# What you will do:
An exact copy of the data is needed, but without any of its images.

# Data:
.....

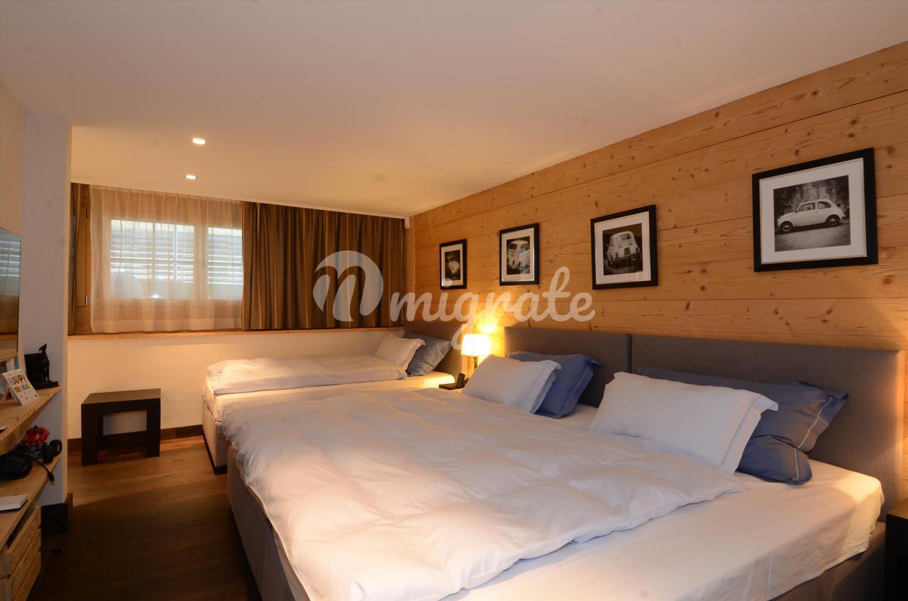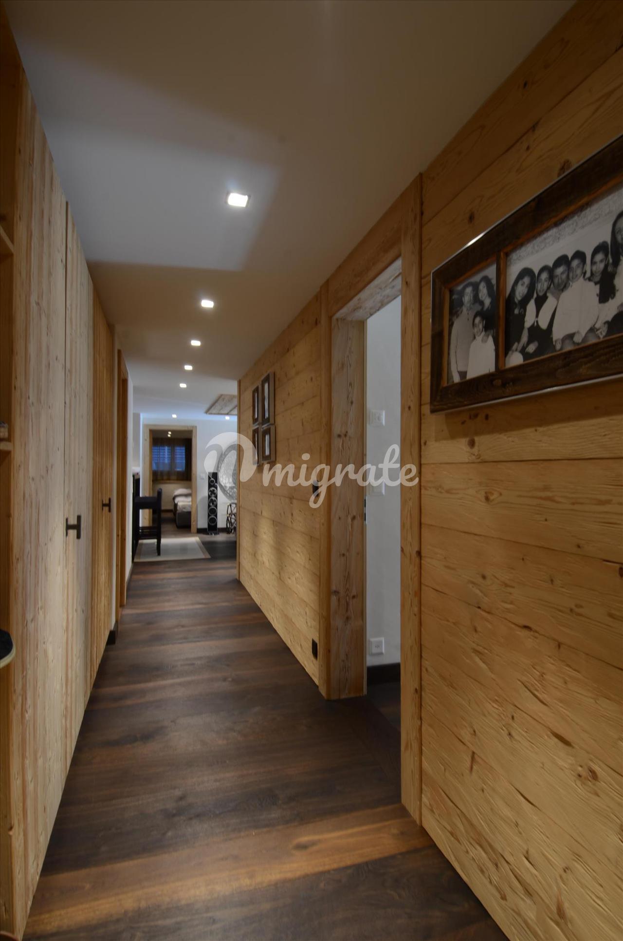 Площадь квартиры составляет около 156 кв. м и состоит из прихожей с гардеробной, большой открытой гостиной-столовой с камином и балконом, открытой кухни, главной спальни с ванной комнатой и балконом, двух гостевых спален, обе с ванными комнатами, одна с балкон, а другой с гардеробной. Также имеется гостевой туалет и прачечная. На цокольном этаже есть помещение для хранения лыж и погреб, а также два парковочных места в подземном гараже.
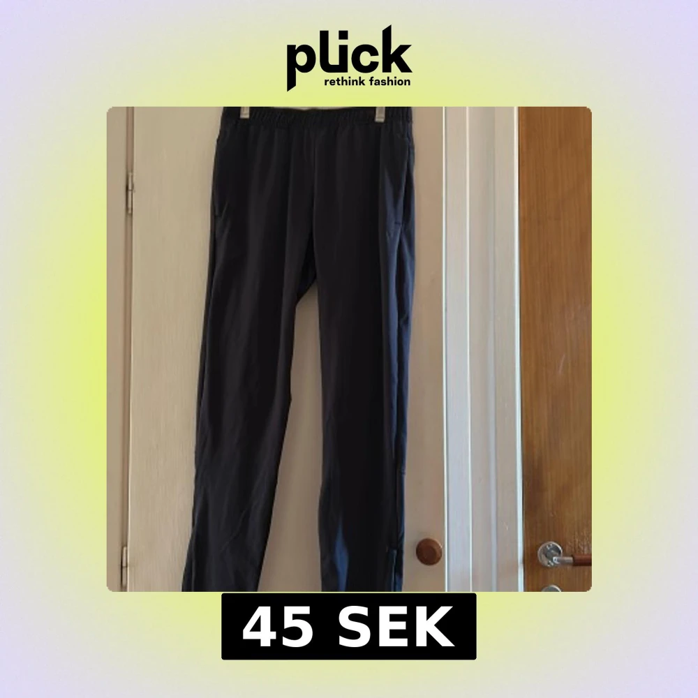 Svarta träningsbyxor med elastisk midja och dragkedjor både vid fickor och benslut. Snygg och enkel design i syntetmaterial som passar perfekt till träning eller chill. Byxorna har en normal passform och är lätta att röra sig i.
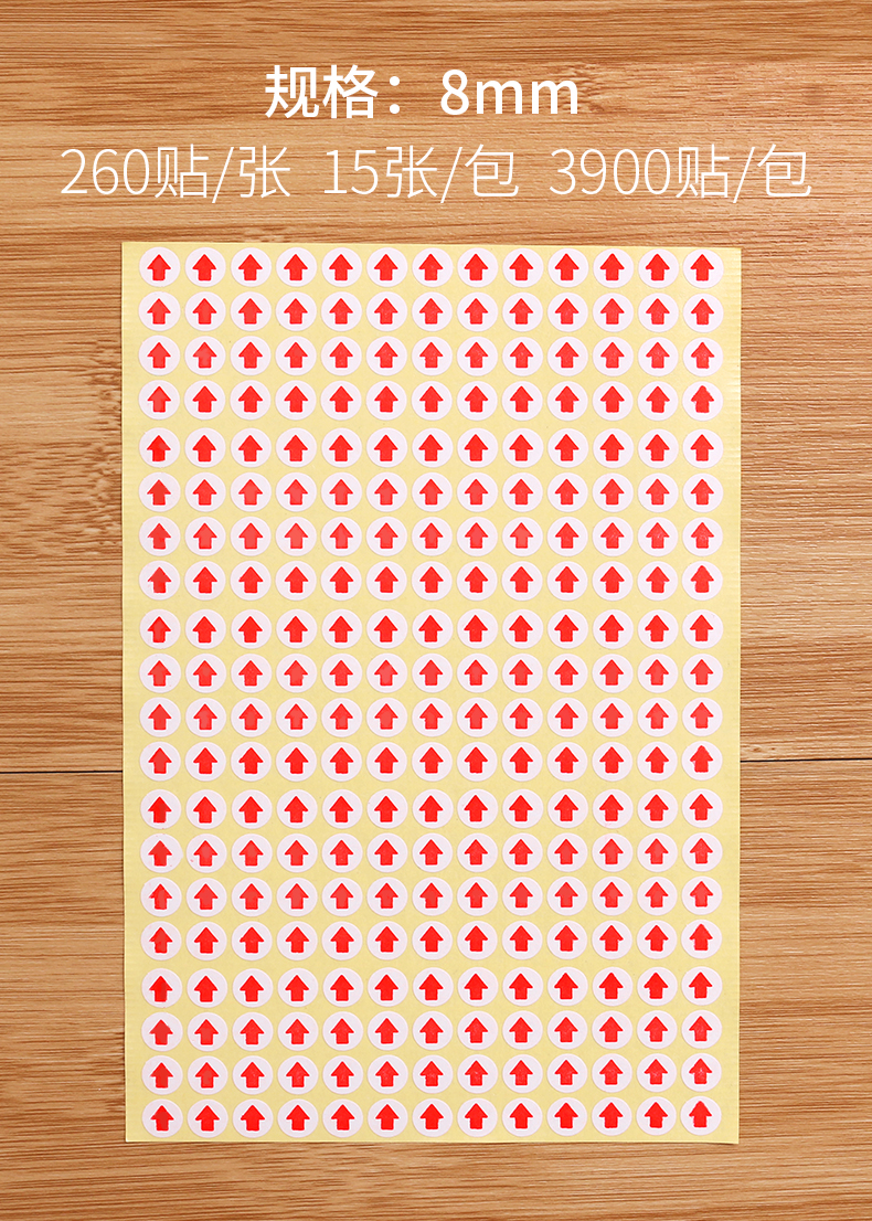 仕様とモデル 円形直径6mm|(ステッカー 7140 枚),丸型直径 8mm (ステッカー 3900 枚),丸型直径10mm(ステッカー2880枚),正方形 9x12mm 小矢印 (ステッカー 2700 枚),正方形 9x12mm 大きな矢印 (ステッカー 2700 枚),正方形 8x20mm (2160 ステッカー/パック)
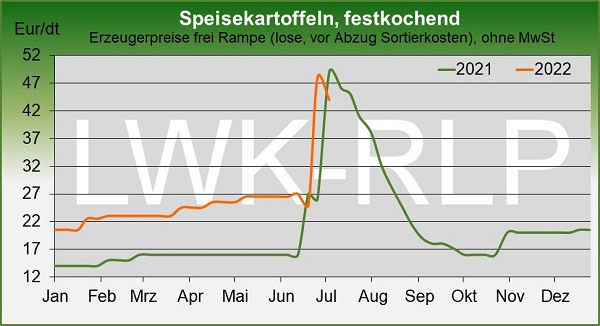 German early potatoes dominate the assortments. Early imports more or less supplement the range. Food retailers are mainly supplied with regional produce. Producer prices were reduced this week. As demand is not quite keeping up with the good supply, also due to high summer temperatures, prices are expected to tend to fall. The upcoming summer vacations could further reduce sales, the Rhineland-Palatinate Chamber of Agriculture writes.

.....

# Solved problem:
 Площадь квартиры составляет около 156 кв. м и состоит из прихожей с гардеробной, большой открытой гостиной-столовой с камином и балконом, открытой кухни, главной спальни с ванной комнатой и балконом, двух гостевых спален, обе с ванными комнатами, одна с балкон, а другой с гардеробной. Также имеется гостевой туалет и прачечная. На цокольном этаже есть помещение для хранения лыж и погреб, а также два парковочных места в подземном гараже.
 Svarta träningsbyxor med elastisk midja och dragkedjor både vid fickor och benslut. Snygg och enkel design i syntetmaterial som passar perfekt till träning eller chill. Byxorna har en normal passform och är lätta att röra sig i.
 仕様とモデル 円形直径6mm|(ステッカー 7140 枚),丸型直径 8mm (ステッカー 3900 枚),丸型直径10mm(ステッカー2880枚),正方形 9x12mm 小矢印 (ステッカー 2700 枚),正方形 9x12mm 大きな矢印 (ステッカー 2700 枚),正方形 8x20mm (2160 ステッカー/パック)
 German early potatoes dominate the assortments. Early imports more or less supplement the range. Food retailers are mainly supplied with regional produce. Producer prices were reduced this week. As demand is not quite keeping up with the good supply, also due to high summer temperatures, prices are expected to tend to fall. The upcoming summer vacations could further reduce sales, the Rhineland-Palatinate Chamber of Agriculture writes.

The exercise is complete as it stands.